'Assassin's Creed,' Please Stop With The Future Story Crap
Back in 2005, Ubisoft presented Assassin's Creed, a game set in the good old '1100s that combined Prince Of Persia's parkour with something even better: making use of parkour to kill crusaders. Ubisoft kept hyping up the game via cool trailers that didn't make mention of the fact that a considerable part of the game takes place in a more futuristic version of present times.
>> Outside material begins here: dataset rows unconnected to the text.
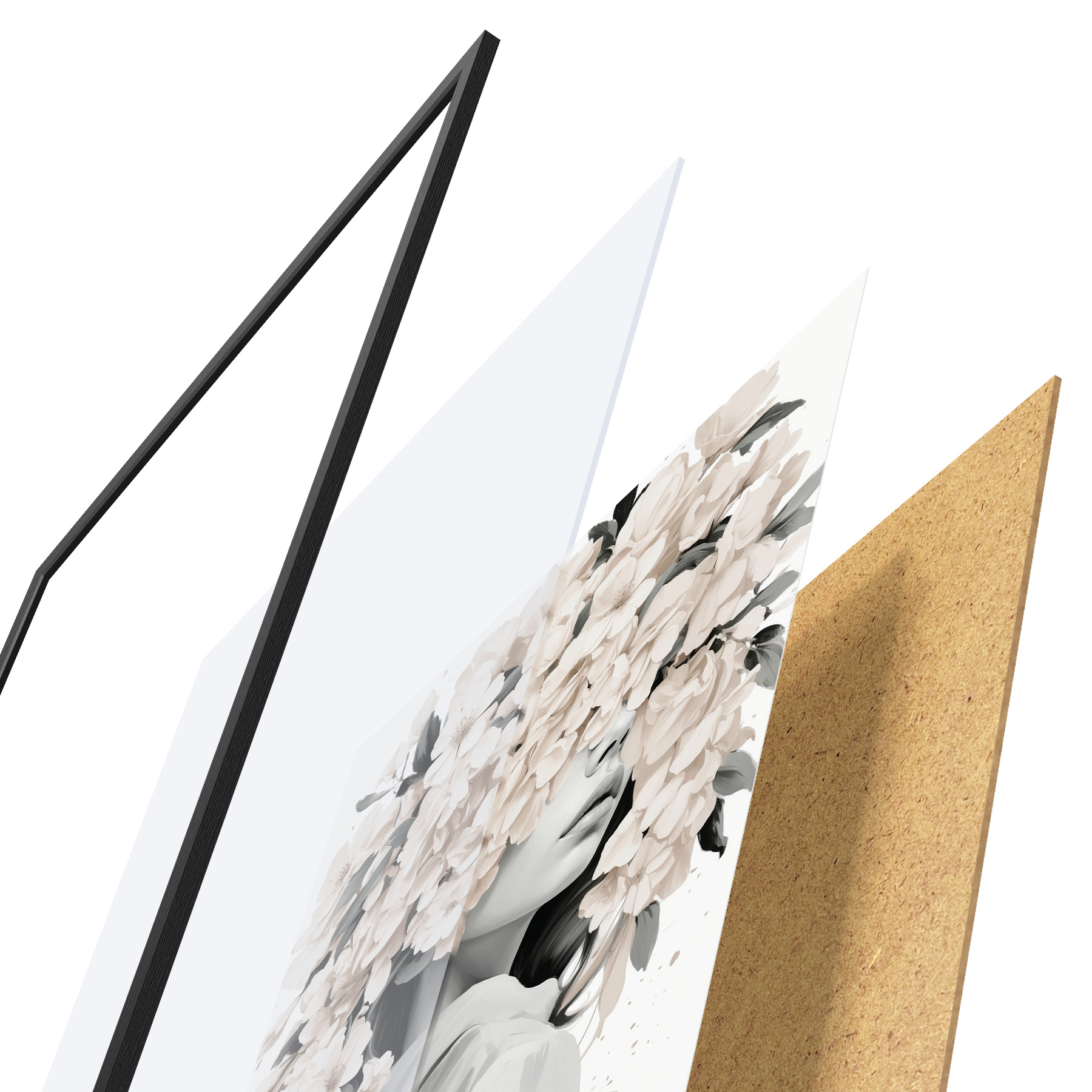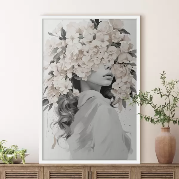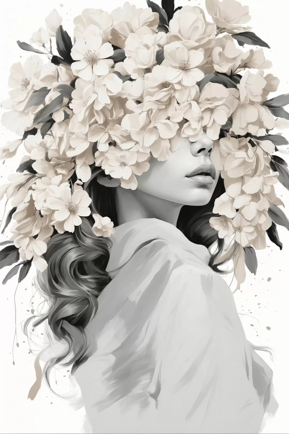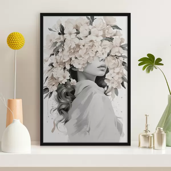 Poster Mädchen mit Blumen im Gesicht in schwarzen und weißen Farben Nr f40849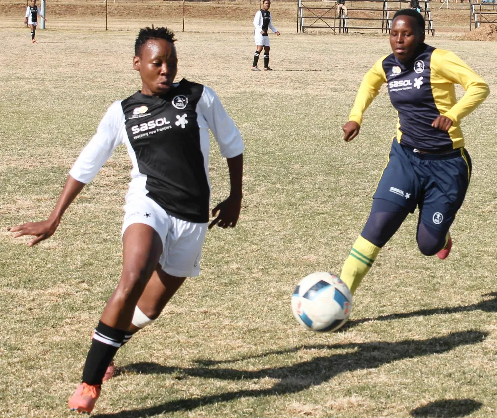 UFANA nowamanqamu umdlalo weNewcastle Ladies (yejezi elimnyama nokumhlophe), neSunflower WFC (yejezi eliphuzi nokuluhlaza) wokucacisa ngeqembu elizodla umhlanganiso kusasa ntambama ngaphansi kweStream A yeKZN Sasol League, osoSizweni Stadium, eNewcastle Isithombe: SIBUSISO MDLALOSE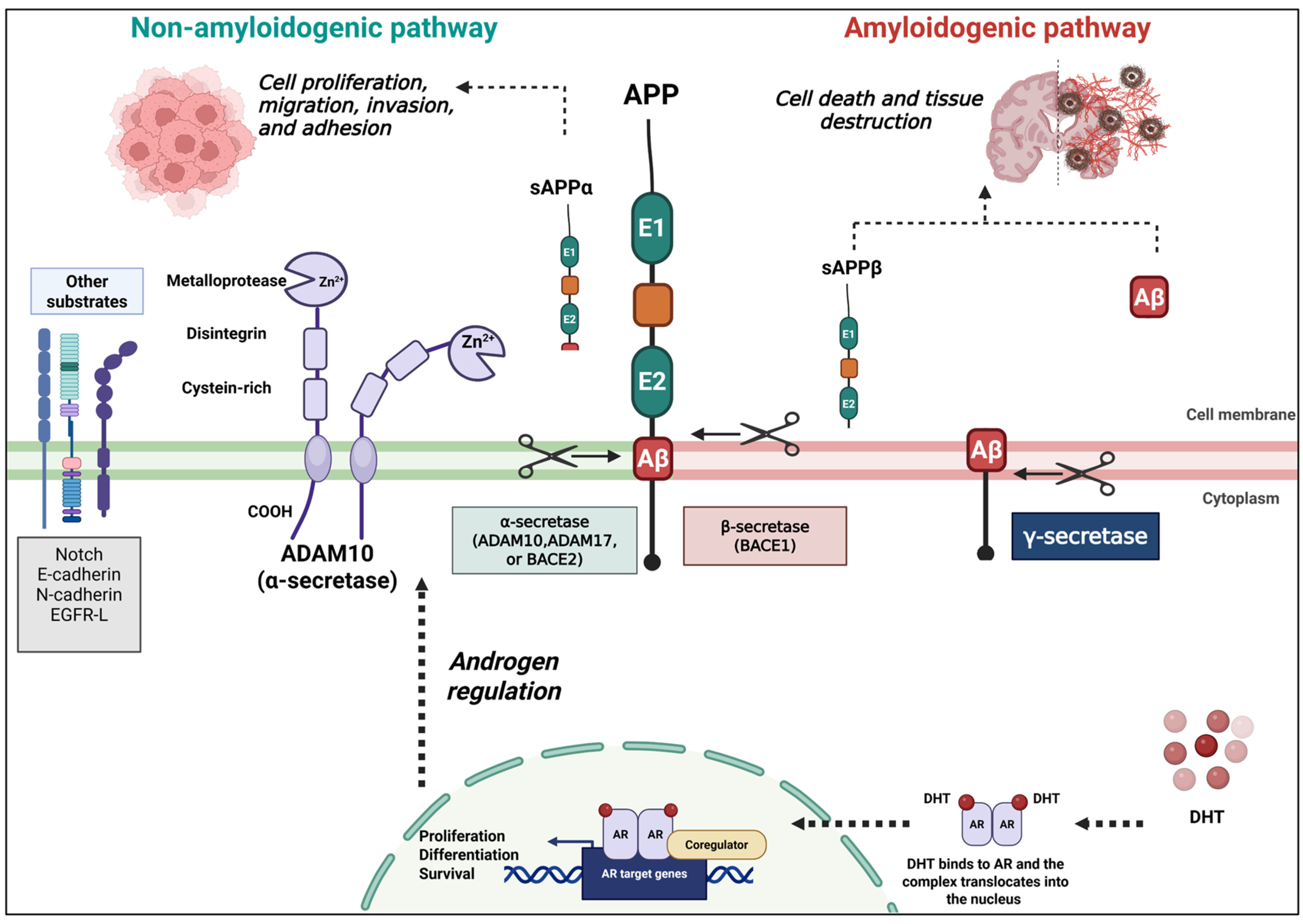 Alhadrami, M.; Stone, G.; Barker, R.M.; Palmer, J.C.; Kehoe, P.G.; Perks, C.M. Androgen Effects on Amyloid Precursor Protein Processing Pathways in Cancer: A Systematic Review. Curr. Issues Mol. Biol. 2025, 47, 1041. https://doi.org/10.3390/cimb47121041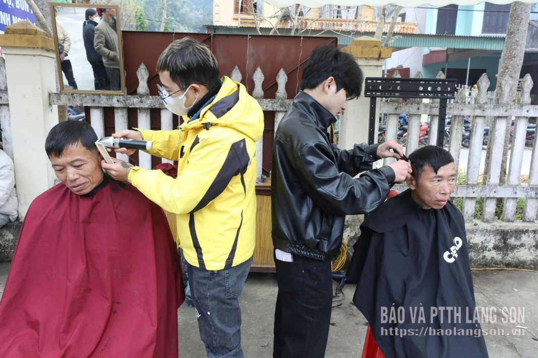 Người dân tham gia cắt tóc miễn phí tại chợ Nhân đạo
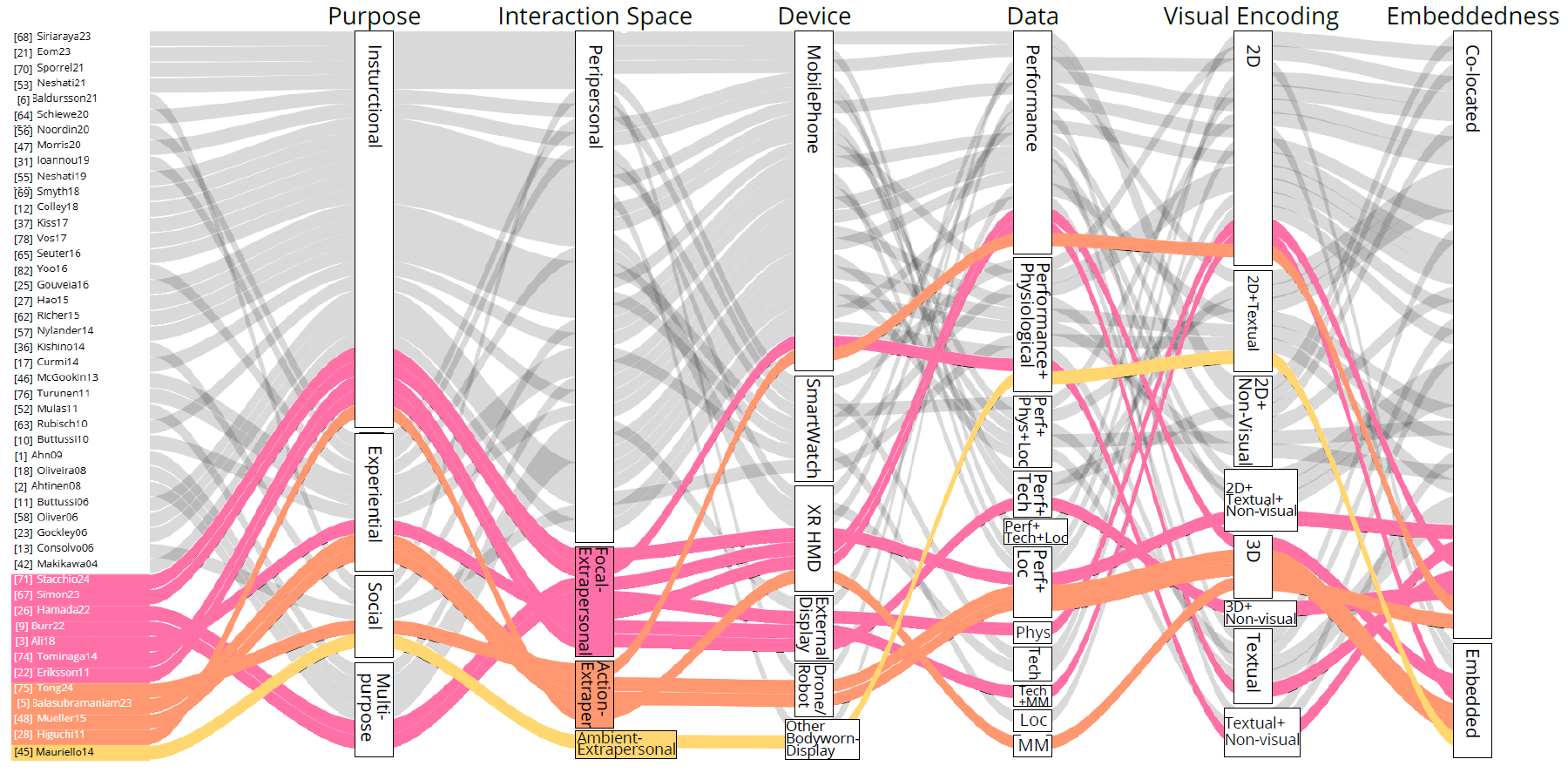 The design space of in-situ running visualizations based on our scoping survey of 47 papers
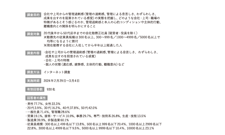 弊社機関誌RMS Message vol.74(2024年5月発行)では「オーバーマネジメント-管理しすぎを考える」というテーマで特集を組み、実態を探るための調査を実施しました。会社や上司による管理は、組織としての効率性やリスク回避の観点から必要なことです。従業員の成果創出や安全配慮義務の履行を目的とした管理もあります。ただし、その管理が行きすぎると、従業員としては息苦しい、わずらわしいと思うこともあるかもしれません。どのような管理がどれくらい行われると過剰だと感じるかは、個人の感じ方や置かれた状況によっても異なるでしょう。そこで本調査では、会社や上司からの管理をどの程度過剰だと感じているかという「管理過剰感」の把握を試み、その要因や影響を検討しました。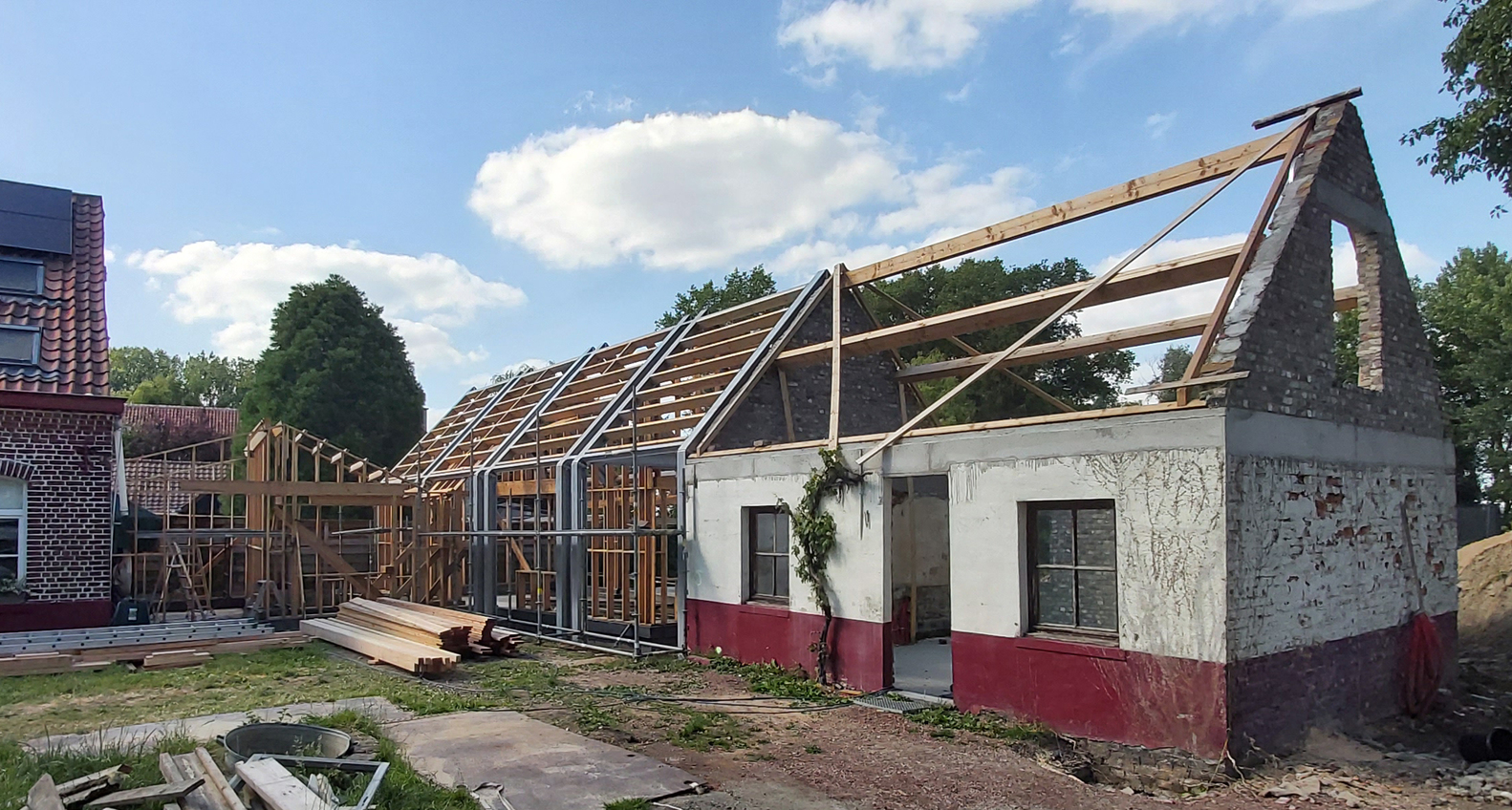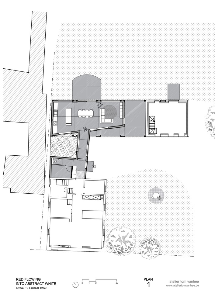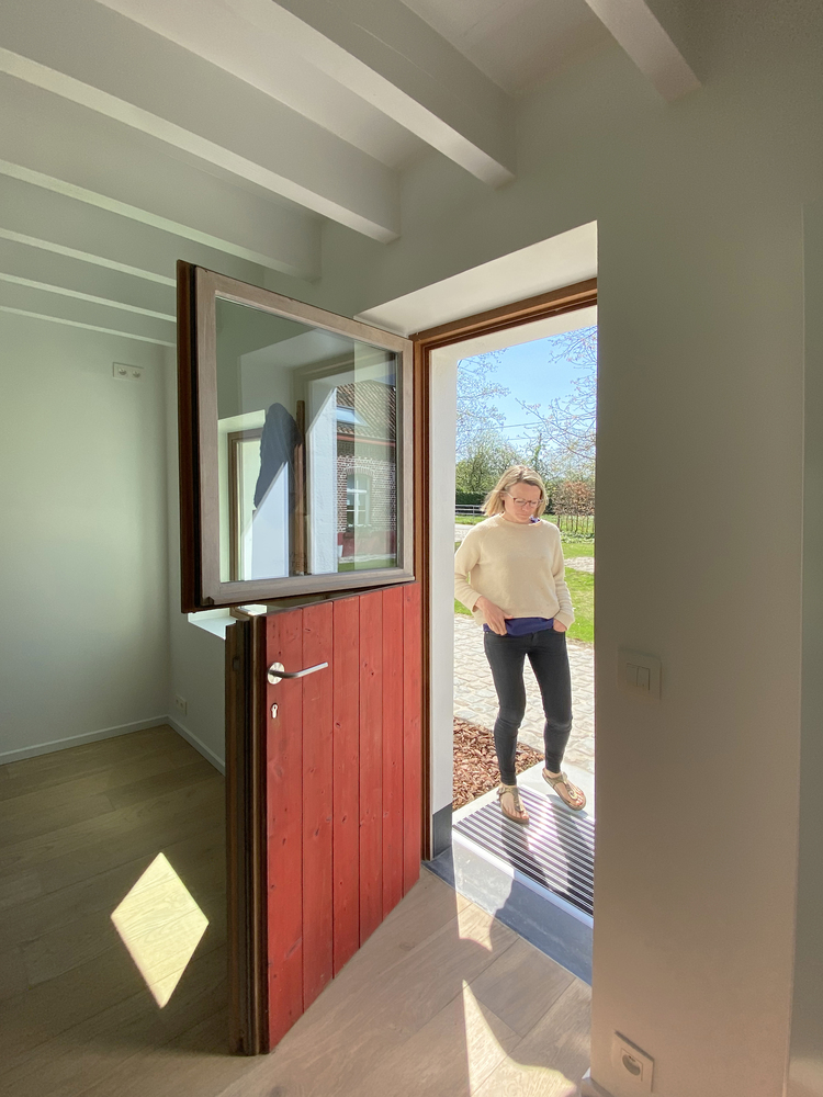 Przebudowa odświeżyła najstarszy dom wiejski w Gijzenzele, wprowadzając do niego różnorodne klimaty mieszkalne: przestrzenie bardziej otwarte w stosunku do ogrodu, zmieniające się w zależności od światła dziennego, zadaszoną przestrzeń zewnętrzną, zacieniony taras oraz przestronny taras ogrodowy kąpiący się w słońcu. Wnętrza charakteryzują się także wysokimi walorami wizualnymi, co stanowi kontrast dla surowych, betonowych powierzchni zewnętrznych.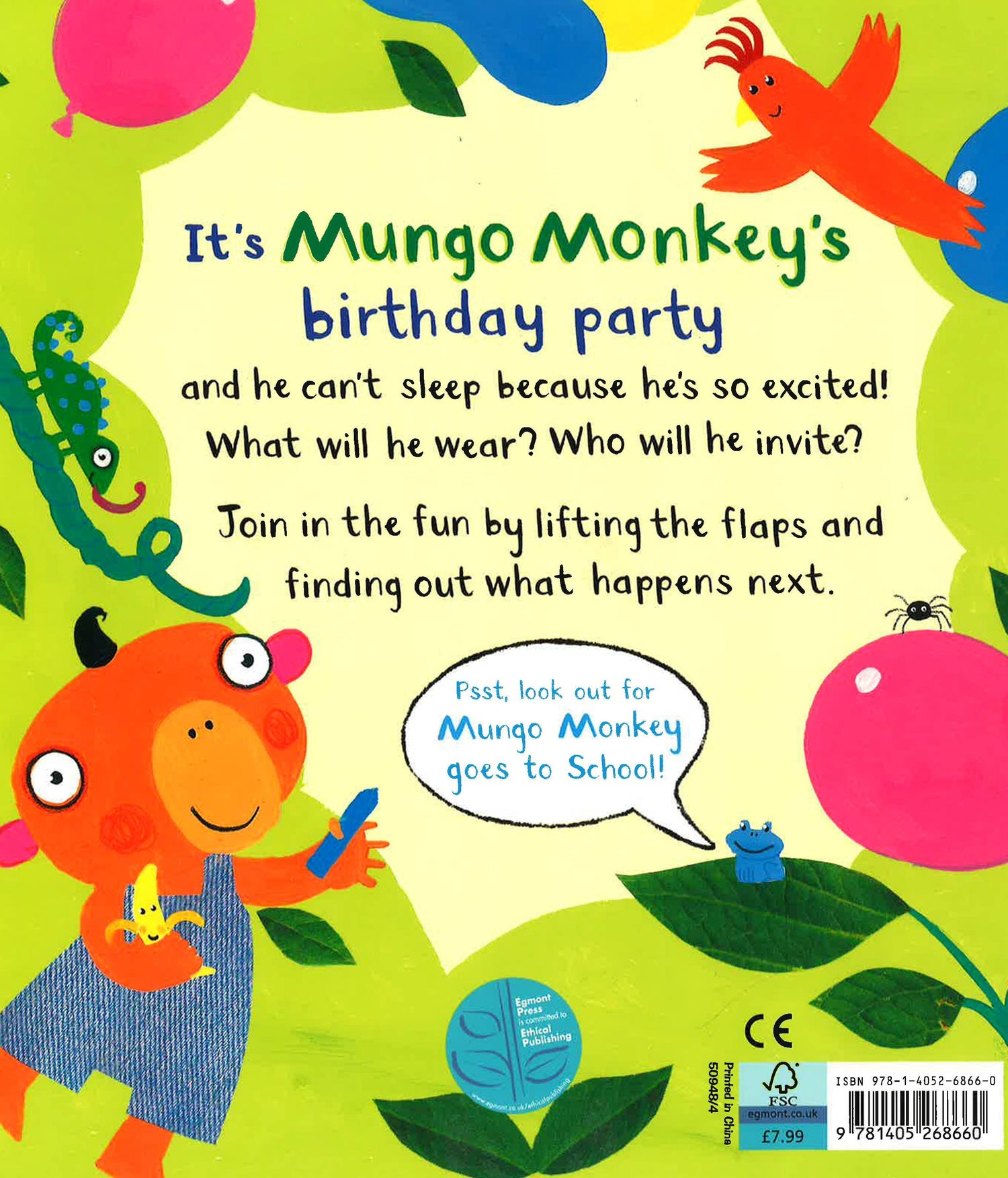 Mungo Monkey has woken up very early . . . because today is his BIRTHDAY! There are so many things to do before Mungo's birthday party starts: balloons to blow up, party hats to make and a cake to bake. Mungo needs to pick his fancy dress costume, too. What will he choose? Lift the flaps and join in the party preparations with Mungo, his friends and his favourite toy Narnie. Mungo Monkey comes from the genius of Lydia Monks, award-winning illustrator whose collaborations include What the Ladybird Heard and The Princess and the Wizard with Julia Donaldson and the `Indie Kidd' series with Karen McCombie. Mungo Monkey's beautiful illustrations with flaps to lift on every page make for an interactive reading experience that is perfect for children aged 3 and up.

Was Ubisoft scared players wouldn't like finding out that they're actually playing as Desmond, a regular 21st-century dude who relives the lives of his ancestors by hacking into the memories contained in his DNA, or worse, Was Ubisoft keeping it from players because they thought that the dumbass reveal would blow everyone's minds?
These segments are completely jarring, always take the story in convoluted and uninspired directions (it's all about an Illuminati god who wants to end mankind), and just aren't fun to play. Desmond learns the moves of a lineage of people who are basically Jedi who f**k and still ends up with no cool skills beyond some basic acrobatics. No player ever praised the current-day segments, so the devs decided to kill off Desmond and put an end to his story – to start off yet another dumb current-day plotline. Though the latest Assassin's Creed titles don't focus so hard on plots with a near Kojima-level of bonkersness, these segments are unwelcome at best.
The good part is that there are various possible solutions to the problem. For starters, you can just set the entire game in the past. Imagine how much cooler it would have been to have experienced the tale of Bayek, the first assassin, feeling as if his part in history was so secret no one else in the world would ever be privy to it.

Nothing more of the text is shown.